**EXERCISE INSTRUCTIONS:** If a record holds a picture, skip the picture but print everything else exactly.
====== EXERCISE DATA ======
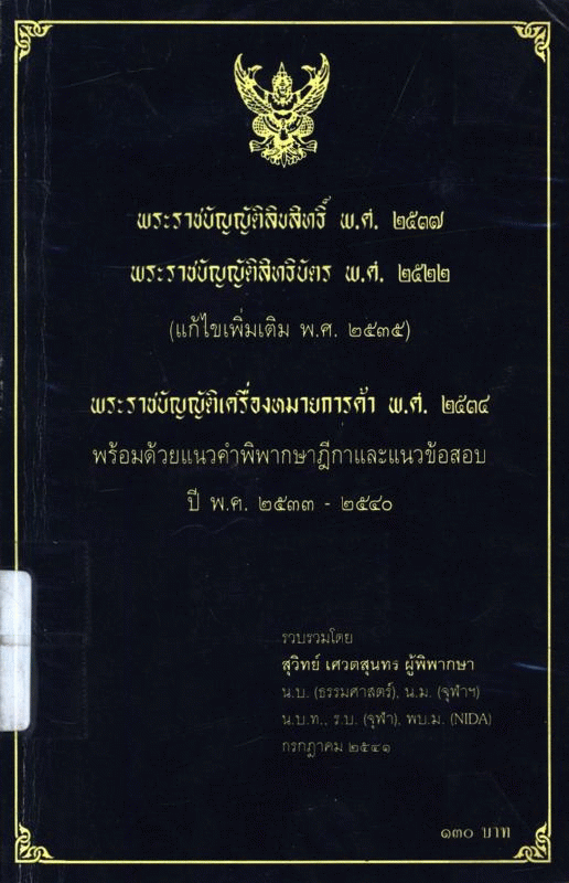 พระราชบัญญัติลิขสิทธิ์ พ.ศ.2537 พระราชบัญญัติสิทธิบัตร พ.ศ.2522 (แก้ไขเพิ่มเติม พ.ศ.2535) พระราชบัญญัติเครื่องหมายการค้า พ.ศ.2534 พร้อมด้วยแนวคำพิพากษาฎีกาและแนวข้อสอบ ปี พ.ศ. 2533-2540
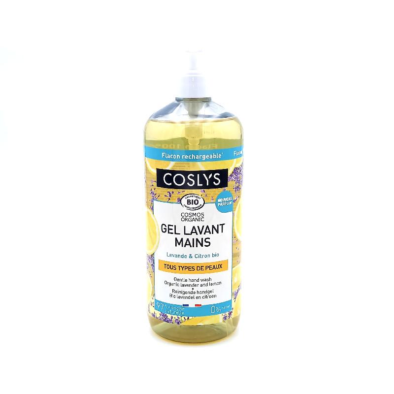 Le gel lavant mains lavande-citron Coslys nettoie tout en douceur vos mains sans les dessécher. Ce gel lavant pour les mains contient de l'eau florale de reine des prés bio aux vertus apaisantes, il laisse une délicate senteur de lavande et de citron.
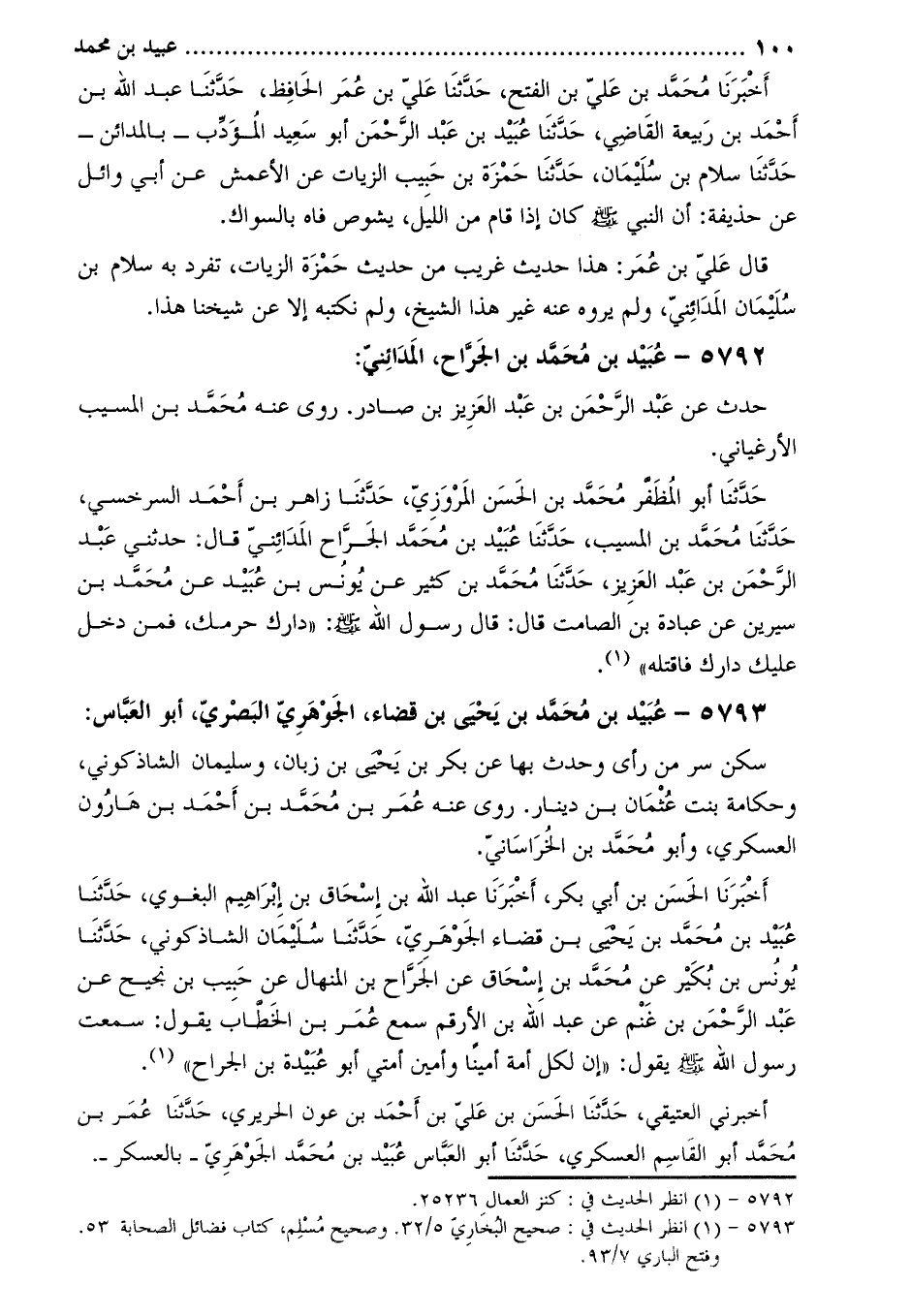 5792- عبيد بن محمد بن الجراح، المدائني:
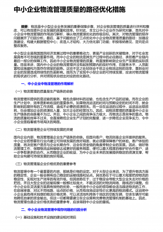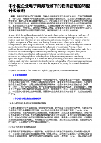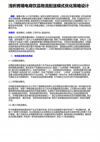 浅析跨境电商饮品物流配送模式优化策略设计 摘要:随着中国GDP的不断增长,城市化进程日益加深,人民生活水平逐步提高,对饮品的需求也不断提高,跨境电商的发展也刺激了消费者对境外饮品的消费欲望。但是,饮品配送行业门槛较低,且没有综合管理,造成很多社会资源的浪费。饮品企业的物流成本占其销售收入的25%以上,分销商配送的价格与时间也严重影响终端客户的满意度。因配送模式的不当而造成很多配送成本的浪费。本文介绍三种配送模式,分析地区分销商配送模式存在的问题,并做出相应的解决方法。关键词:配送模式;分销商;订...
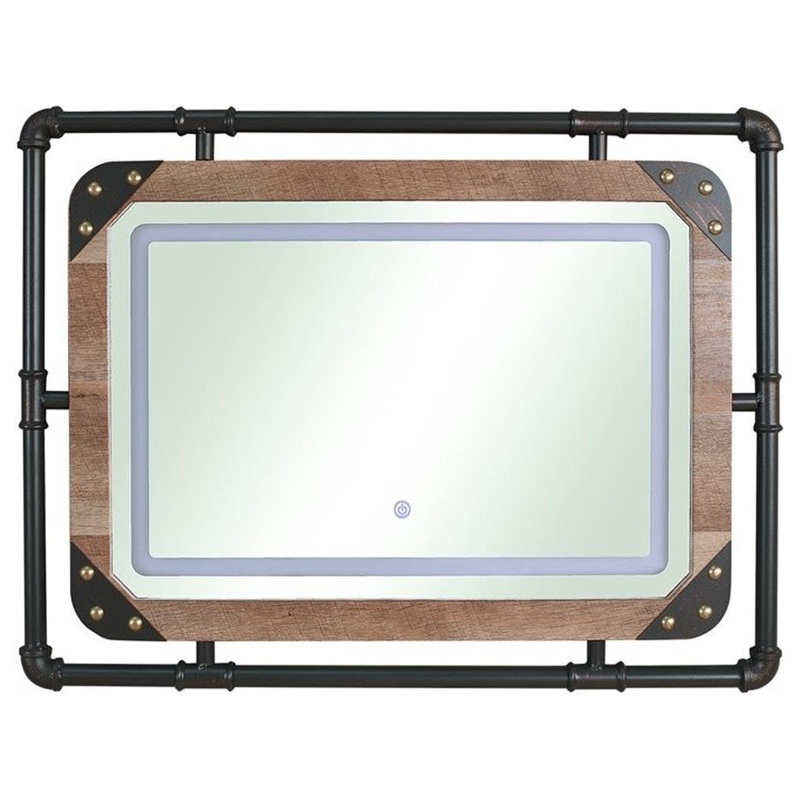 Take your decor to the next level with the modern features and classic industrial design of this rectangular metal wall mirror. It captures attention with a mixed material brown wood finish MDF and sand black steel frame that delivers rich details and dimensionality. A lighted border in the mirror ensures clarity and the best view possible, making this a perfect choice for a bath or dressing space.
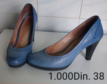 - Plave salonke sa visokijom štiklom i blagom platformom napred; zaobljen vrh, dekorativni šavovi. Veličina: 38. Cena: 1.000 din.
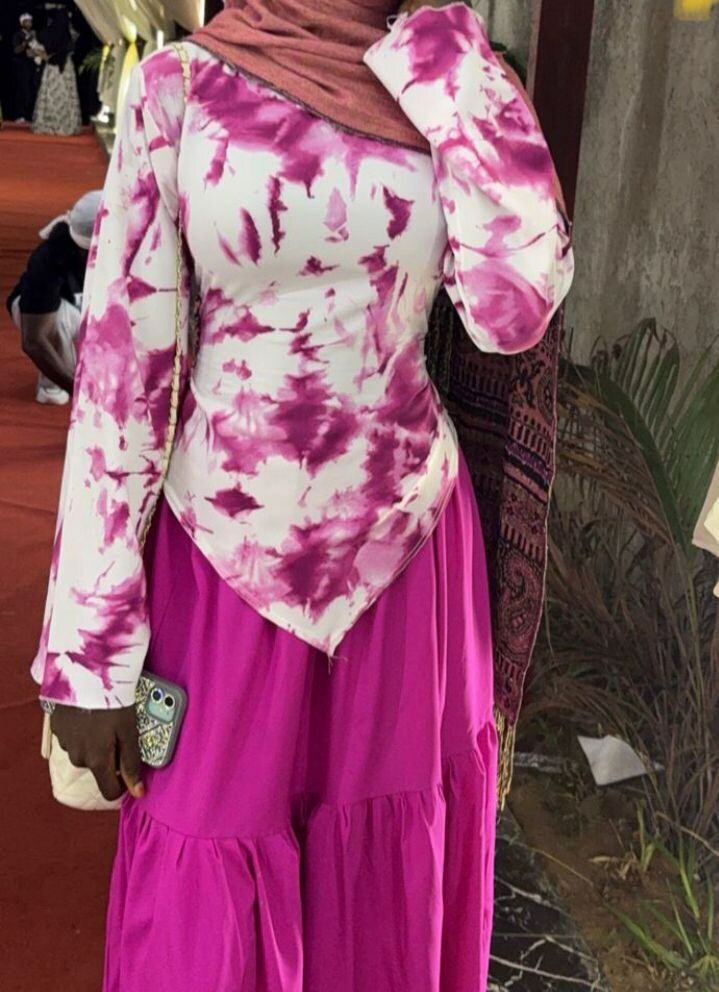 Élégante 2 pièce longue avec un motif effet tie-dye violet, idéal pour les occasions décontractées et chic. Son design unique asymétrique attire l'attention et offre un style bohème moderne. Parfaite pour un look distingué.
======
**RESPONSE:**
 พระราชบัญญัติลิขสิทธิ์ พ.ศ.2537 พระราชบัญญัติสิทธิบัตร พ.ศ.2522 (แก้ไขเพิ่มเติม พ.ศ.2535) พระราชบัญญัติเครื่องหมายการค้า พ.ศ.2534 พร้อมด้วยแนวคำพิพากษาฎีกาและแนวข้อสอบ ปี พ.ศ. 2533-2540
 Le gel lavant mains lavande-citron Coslys nettoie tout en douceur vos mains sans les dessécher. Ce gel lavant pour les mains contient de l'eau florale de reine des prés bio aux vertus apaisantes, il laisse une délicate senteur de lavande et de citron.
 5792- عبيد بن محمد بن الجراح، المدائني:
 浅析跨境电商饮品物流配送模式优化策略设计 摘要:随着中国GDP的不断增长,城市化进程日益加深,人民生活水平逐步提高,对饮品的需求也不断提高,跨境电商的发展也刺激了消费者对境外饮品的消费欲望。但是,饮品配送行业门槛较低,且没有综合管理,造成很多社会资源的浪费。饮品企业的物流成本占其销售收入的25%以上,分销商配送的价格与时间也严重影响终端客户的满意度。因配送模式的不当而造成很多配送成本的浪费。本文介绍三种配送模式,分析地区分销商配送模式存在的问题,并做出相应的解决方法。关键词:配送模式;分销商;订...
 Take your decor to the next level with the modern features and classic industrial design of this rectangular metal wall mirror. It captures attention with a mixed material brown wood finish MDF and sand black steel frame that delivers rich details and dimensionality. A lighted border in the mirror ensures clarity and the best view possible, making this a perfect choice for a bath or dressing space.
 - Plave salonke sa visokijom štiklom i blagom platformom napred; zaobljen vrh, dekorativni šavovi. Veličina: 38. Cena: 1.000 din.
 Élégante 2 pièce longue avec un motif effet tie-dye violet, idéal pour les occasions décontractées et chic. Son design unique asymétrique attire l'attention et offre un style bohème moderne. Parfaite pour un look distingué.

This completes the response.